Another issue is the need to test for lagged effects for influential events
(such as the increase in tuition and changes in employment prospects). So recently
observed declines may reflect the influence of events in prior months (or prior terms).
Yes, these ideas will make your quest more complex; it¡¦s just some food for thought
if you really had to pinpoint causal factors.
Another statistical method to consider would be an event history analysis (or
survival analysis). At the AIR Forum in Chicago, I saw a nice study by Xiao
Ying Zhang, Bill Grimes, Lijuan Zhai, and Cindy Wijma (all of San Diego CCD).
Although it focused on the issue of academic probation (a binary dependent variable),
it illustrated another approach (specifically the Cox regression flavor of event history
analysis) to analyzing covariates (possible moderators and causal factors) to understand
some phenomenon. Of course, their use of event history analysis made more sense
to me because I had just finished taking a really good workshop on event history analysis
taught by another OCAIR colleague (Chau-Kuang Chen). In your situation, event
history analysis may help because you probably have ¡§censored¡¨ data (and this is
the statistical term, not the political one).
Anyway, good luck on the analysis¡K
Michael Tamada:
The responses have been very good, here's a follow-up to Willard's response.

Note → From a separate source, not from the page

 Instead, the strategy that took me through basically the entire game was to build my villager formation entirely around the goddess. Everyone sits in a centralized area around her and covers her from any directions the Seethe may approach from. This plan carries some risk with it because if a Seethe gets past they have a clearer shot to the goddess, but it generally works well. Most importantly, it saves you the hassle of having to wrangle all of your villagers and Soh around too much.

One piece of good news is that SPSS does survival analysis, including Cox regression
(I believe it's in the Advanced module).
One piece of potential bad news is that it seems to me that attrition is not a permanent
condition -- students can and do return. And leave again. So probably
one should use a "multiple spells" model; these are more complicated and I don't think
SPSS can run them.
However Lan was chiefly interested in looking just at Spring 2006 enrollment or attrition;
with just one term to look at, survival analysis is pretty much moot; a student is
either here or gone and there's only one term to look at.
Chau-Kuang Chen:
To: Tamada, Michael; Hom, Willard; Hongmei Zhu; Lan Hao
Your responses are extremely valuable to our knowledge base.

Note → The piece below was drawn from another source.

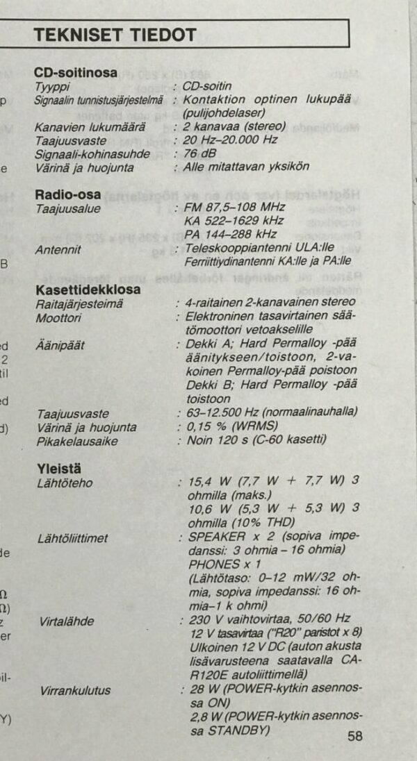 Cd-soitin, radio FM/KA/PA, kasettidekkiosat: dekki A, dekki B

From what I have learned, survival analysis allows researchers to study the timing
and duration of the critical event, time (continuous or discrete) to event occurrence
(binary).
For continuous time variable, researchers can use standard Cox regression, stratified
Cox regression, extended Cox regression, and so forth.
For discrete time variable, researchers
can use binary logistic regression with dummy time variable. Multiple spells model
is an example of discrete time survival analysis. Here is an excellent paper, Singer,
J.D. & Willett, J.B. (1993). It's about time: Using discrete time survival analysis
to study the duration and the timing of events. The Journal of Educational Statistics,
18, 115-l95.
For competing and/or recursive event survival
data, there is an excellent book by Paul D. Allison titled Survival Analysis
Using the SAS System: A Practical Guide
For Lan's project, I wonder if we can break
down time variable, one term, into multiple months (time origin = beginning of the
term; endpoint = the critical event of interest (enrolled/attrited); or other events
unrelated to enrolled/attrited (censored); and end of the study period = end of the
term). Thus, we can detect at what month students are likely to experience the critical
event (enrolled/attrited).
I like Willard's idea to examine the lagged
effects of independent variables on enrollment because it has justification of theory.
For instance, the economy (e.g., changes in employment prospect) rarely changes its
patterns drastically within one or two years unless wars or political violence occur.